Нейдельсон, видимо, испытывал некоторую неловкость за своих друзей-взяткодателей.
— Некоторые из них так разозлились из-за вторичного призыва, что написали в ФБР анонимные письма о плате за запись на шестимесячную программу. Они хотели неприятностей Элкору, они обвиняли его. Некоторые были недовольны тем, что он мешал им отбиться от вторичного призыва. А в лагере он как старший сержант стал самодурствовать, и это им тоже не понравилось. Поэтому они захотели доставить ему неприятности и преуспели в этом.
Мои мысли лихорадочно крутились. Прошел почти год после моей встречи с Калли в Вегасе, когда я спрятал деньги. С тех пор накопилось еще пятнадцать тысяч долларов. Я также очень скоро должен был переехать в новый дом на Лонг-Айленде. Все рушилось в самое неподходящее время. А если ФБР опрашивает всех в Форте Ли, то к ним попадутся, по крайней мере, сто парней, с которых я брал деньги. Сколько из них признаются, что платили мне?
— Стоув уверен, что Фрэнка ждет гранд-жюри? — спросил я Нейдельсона.
— Видимо, этого не миновать, — ответил Марри. — Если правительство не замнет это дело, понимаете, не спустит на тормозах.
— А на это есть надежда? — спросил я.
Марри Нейдельсон покачал головой.
— Нет. Но Бадди, видимо, думает, что вы сможете выкарабкаться. Все парни, имевшие дело с вами, хорошо к вам относятся. Вы никогда не вымогали деньги, как Элкор. Никто не желает вам зла, и Бадди всех уговаривает не впутывать вас.

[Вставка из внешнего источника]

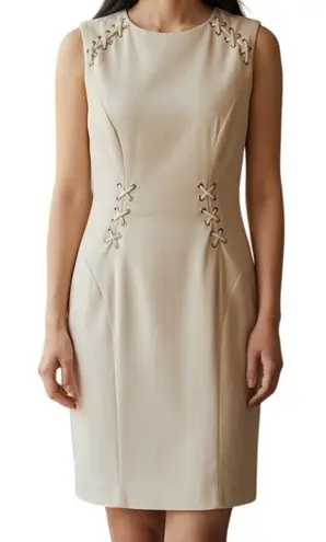 Worn Once - Like New Scoop Neck Sleeveless Opening in Back Hidden Zipper and Eye Hook Back Center T... Show more

— Поблагодарите его от меня, — сказал я.
Нейдельсон встал и пожал мне руку.
— Я хочу еще раз сказать вам спасибо, — произнес он. — Если вам потребуется свидетель защиты, или вы захотите сослаться на меня в ФБР, я буду ждать и сделаю все, что смогу.
Я ответил на его рукопожатие, чувствуя искреннюю благодарность.

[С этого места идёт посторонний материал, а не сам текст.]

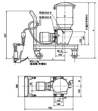 (1)润滑泵的外形尺寸 (2)带小车润滑装置外形尺寸

— Не могу ли я что-нибудь для вас сделать? — спросил я. — Вас могут призвать из группы управления?
— Нет, — сказал Нейдельсон. — Если помните, у меня маленький сын. Жена умерла два месяца назад. Так что я в безопасности.
Я не забуду его лицо, когда он это говорил. Даже в голосе слышалось горькое самоотвращение. А на лице его выражались стыд и ненависть. Он осуждал себя за то, что жив. Но ему ничего не оставалось делать кроме, как следовать по пути, указанном жизнью. Растить маленького сына, ходить на работу по утрам, выполнять просьбу друга и приходить ко мне с предостережением, и выражать благодарность за то, что когда-то было для него важно, а теперь ничего не значило. Я выразил ему соболезнование, чувствуя себя дерьмом из-за того, что думал про него раньше. Вероятно, он сохранил это известие напоследок специально: когда Бадди Стоув просил за него, а он сидел с опущенной головой, то, должно быть, чувствовал, что я их обоих считаю лжецами. Это была маленькая месть.
До того, как топор упал, я провел нервную неделю. Случилось это в понедельник. К моему удивлению, в контору спозаранку заявился майор. Проходя к себе в офис, он бросил на меня странный взгляд.